Data records: Begin

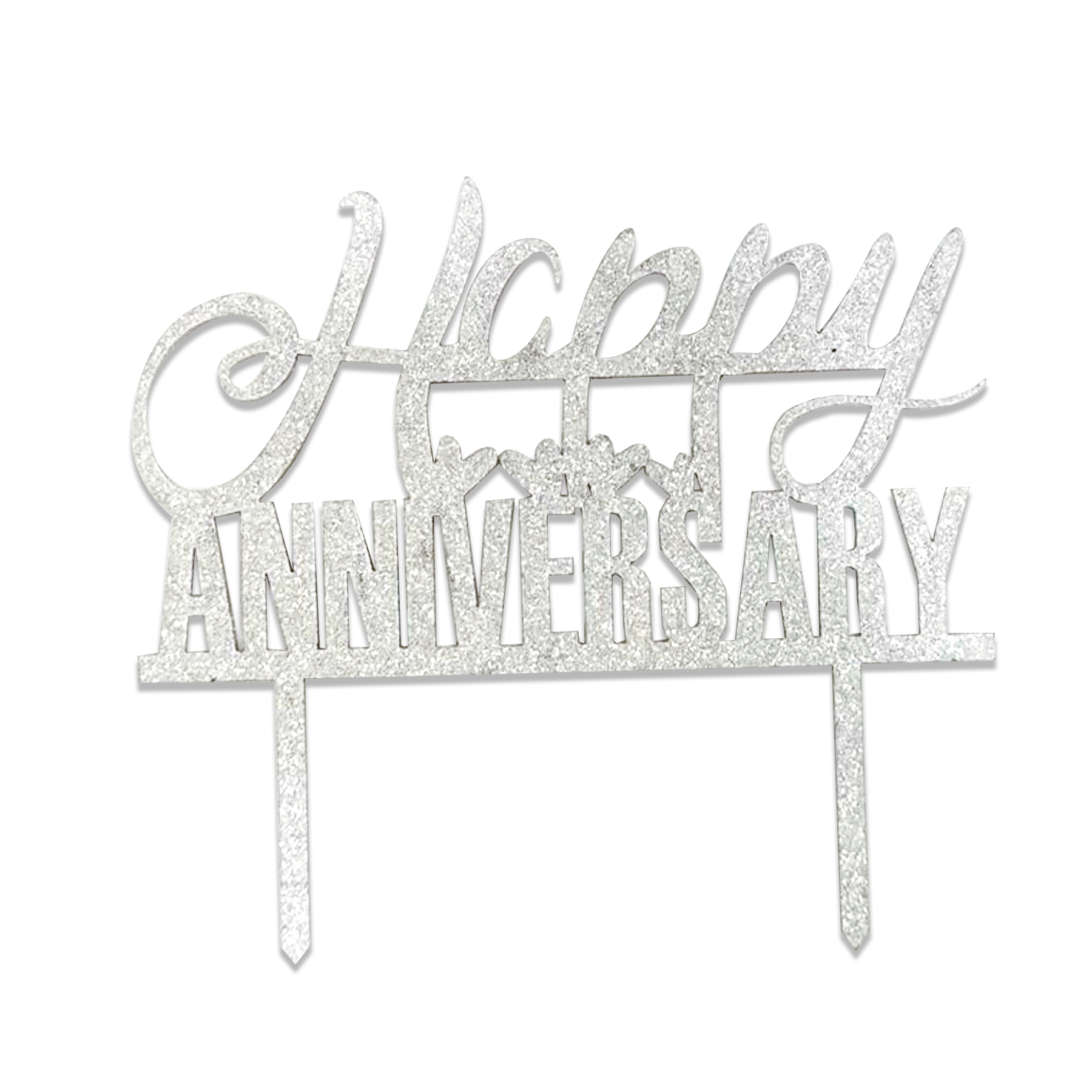 Happy Anniversary Silver Glitter Cake Topper - 1PC
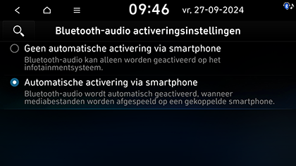 Je kunt de Bluetooth-audiomodus instellen op automatisch activeren wanneer de aangesloten telefoon audio afspeelt. Zelfs wanneer een andere modus is geactiveerd of de mediamodus is afgesloten, zal de mediamodus naar de Bluetooth-audiomodus overschakelen wanner u Bluetooth-audio op uw telefoon afspeelt, zodat u het afspelen op uw telefoon kunt bedienen. Controleer of uw telefoon gekoppeld is aan het infotainment-systeem alvorens het instellen.
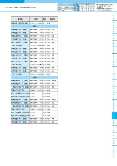 ▶同一名称の講座は設置校舎・設置期間・授業時間(時限)が異なっても同一内容です。▶担当講師は変更になる場合がありますので、あらかじめご了承ください。*「ライブ配信型」の授業は、見逃し配信でも受講いただけます。対面授業受講開始の4日前2024/2/11(日・祝)申込期限映像授業・オンライン授業時限時間1・2限3・4限5・6限9:00〜10:30・10:50〜12:2013:20〜14:50・15:10〜16:4017:00〜18:30・18:50〜20:20本郷麹町新宿池袋秋葉原自由が丘吉祥寺調布立川町田厚木藤沢横浜あざみ野金沢文庫大宮南浦和川越柏津田沼千葉水戸講座名日程時限講師名重要古語・語法完全攻略1/19(金)・1/20(土)1・2黒須理科東大物理テスト(映像)視聴可能期間:1/17(水)〜2/29(木)小野京大物理テスト(映像)視聴可能期間:1/17(水)〜2/29(木)乾東工大物理テスト(映像)視聴可能期間:1/17(水)〜2/29(木)田辺北大物理テスト(映像)視聴可能期間:1/17(水)〜2/29(木)島村東北大物理テスト(映像)視聴可能期間:1/17(水)〜2/29(木)渡部ファイナル物理1/22(月)・1/23(火)1・2宇都東大化学テスト(映像)視聴可能期間:1/17(水)〜2/29(木)寺田京大化学テスト(映像)視聴可能期間:1/17(水)〜2/29(木)大西東工大化学テスト(映像)視聴可能期間:1/17(水)〜2/29(木)安達北大化学テスト(映像)視聴可能期間:1/17(水)〜2/29(木)高田東北大化学テスト(映像)視聴可能期間:1/17(水)〜2/29(木)寺田ファイナル化学1/24(水)・1/25(木)5・6岡島東大生物テスト(映像)視聴可能期間:1/17(水)〜2/29(木)向井北大生物テスト(映像)視聴可能期間:1/17(水)〜2/29(木)志水ファイナル生物1/24(水)・1/25(木)3・4染谷地歴東大日本史テスト(映像)視聴可能期間:1/17(水)〜2/29(木)坂本(勝)京大日本史テスト(映像)視聴可能期間:1/17(水)〜2/29(木)宮本一橋大日本史テスト(映像)視聴可能期間:1/17(水)〜2/29(木)梶沼早慶大日本史テスト1/22(月)・1/23(火)3・4依田青山・立教・学習院大日本史テスト1/22(月)明治・中央・法政大日本史テスト1/23(火)5・6依田5・6依田東大世界史テスト(映像)視聴可能期間:1/17(水)〜2/29(木)坂本(新)京大世界史テスト(映像)視聴可能期間:1/17(水)〜2/29(木)井上一橋大世界史テスト(映像)視聴可能期間:1/17(水)〜2/29(木)矢野早慶大世界史テスト1/22(月)・1/23(火)3・4小嶋青山・立教・学習院大世界史テスト1/22(月)明治・中央・法政大世界史テスト1/23(火)5・6小嶋5・6小嶋東大地理テスト(映像)視聴可能期間:1/17(水)〜2/29(木)伊藤京大地理テスト(映像)視聴可能期間:1/17(水)〜2/29(木)河野2ページ●2023年度/直前講習/東日本/大宮/高3・卒生/パターン7043/2023_59_3_324_11_20230808105054.csv/0高校了時削除
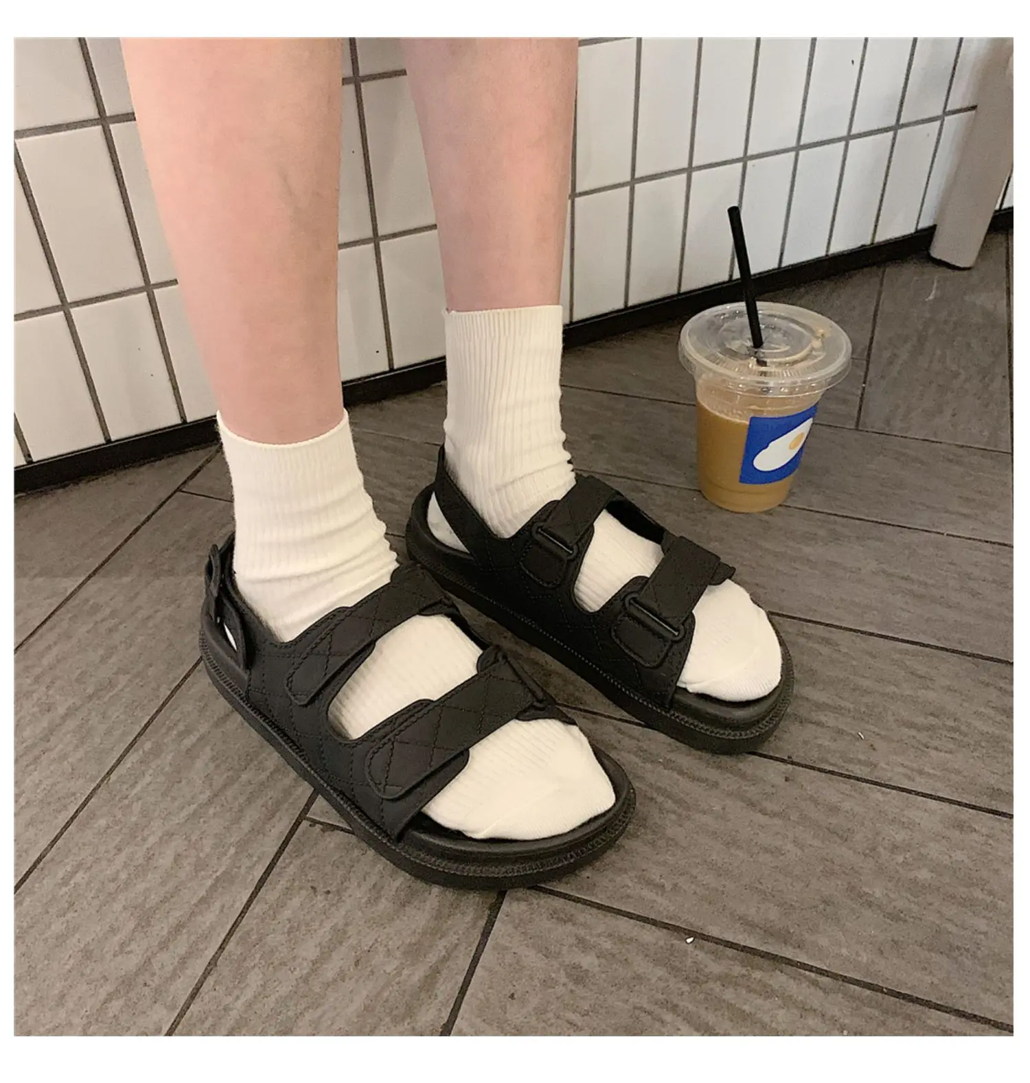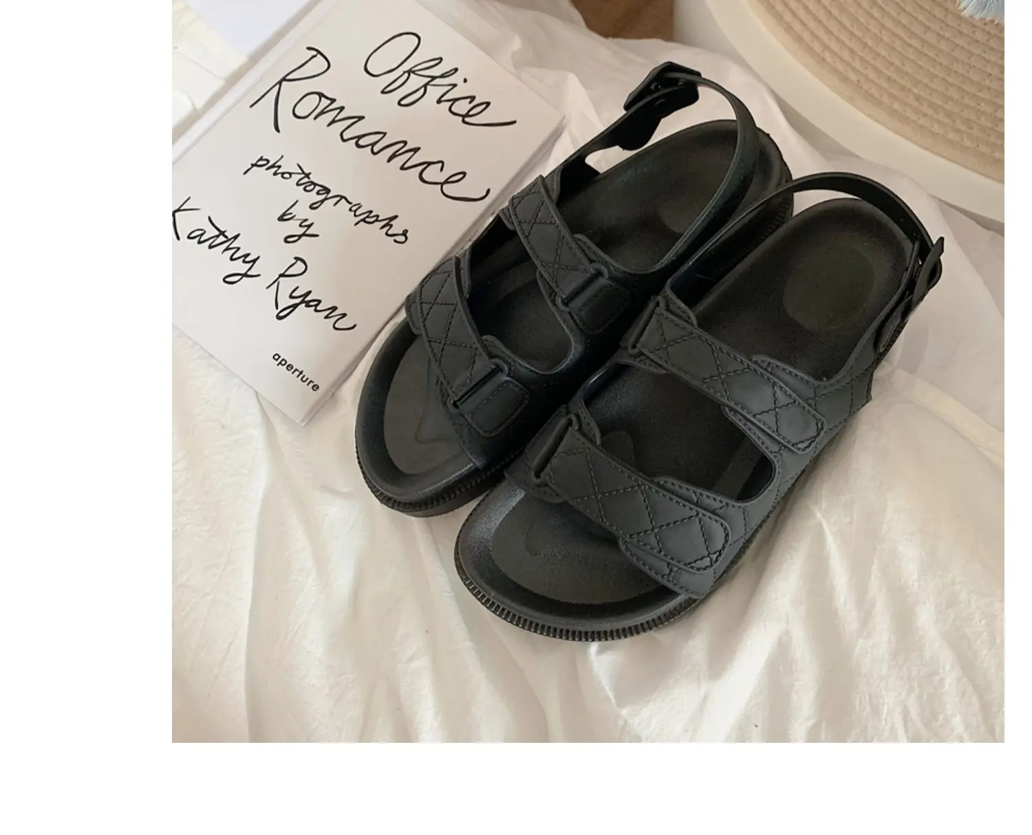 Модные сандалии; Женская летняя обувь на плоской подошве; Пляжные сандалии на липучке; Повседневная Дизайнерская обувь в римском стиле на толстой подошве; Женская обувь
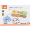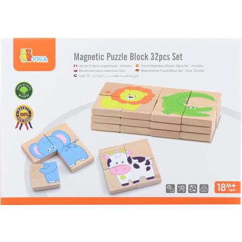 Fa puzzle - alkalmas 1,5 éves kortól, 32 darabos, mágneses, állatok motívum A puzzle összesen 32 fa elemből áll, amelyekből különböző állatfigurákat lehet összerakni. Az egyes darabok lekerekített élekkel rendelkeznek a kisgyermekek biztonságos játékához. A fa puzzle összerak
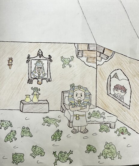 היי חברים אני עוד פעם מעלה יצרה והפעם של פסח איך אני אוהב את פסח ליל הסדר בדיקת חמץ… בקיצור העלתי יצרה שמספרת על מכת צפרדע ״ויט אהרון את ידו על מימי מצרים ותעל הצפרדע על ארץ מצרים״ אהרון היכה על היאור והנה הופיע צפרדע ענקית מעל המים נעשו המצרים להרוג אותה. היכן אותה ובכול הכה יצא נחילים נחילים של צפרדעים . התפשטו בכול ארץ מצרים מיטות ארונות אוכל…

Data records: End

▶ Prompt: Skip the pictures and write out exactly the lines from the line containing "Fa puzzle - alkalmas" through the end of the listing above.

▶ Completed task:
 Fa puzzle - alkalmas 1,5 éves kortól, 32 darabos, mágneses, állatok motívum A puzzle összesen 32 fa elemből áll, amelyekből különböző állatfigurákat lehet összerakni. Az egyes darabok lekerekített élekkel rendelkeznek a kisgyermekek biztonságos játékához. A fa puzzle összerak
 היי חברים אני עוד פעם מעלה יצרה והפעם של פסח איך אני אוהב את פסח ליל הסדר בדיקת חמץ… בקיצור העלתי יצרה שמספרת על מכת צפרדע ״ויט אהרון את ידו על מימי מצרים ותעל הצפרדע על ארץ מצרים״ אהרון היכה על היאור והנה הופיע צפרדע ענקית מעל המים נעשו המצרים להרוג אותה. היכן אותה ובכול הכה יצא נחילים נחילים של צפרדעים . התפשטו בכול ארץ מצרים מיטות ארונות אוכל…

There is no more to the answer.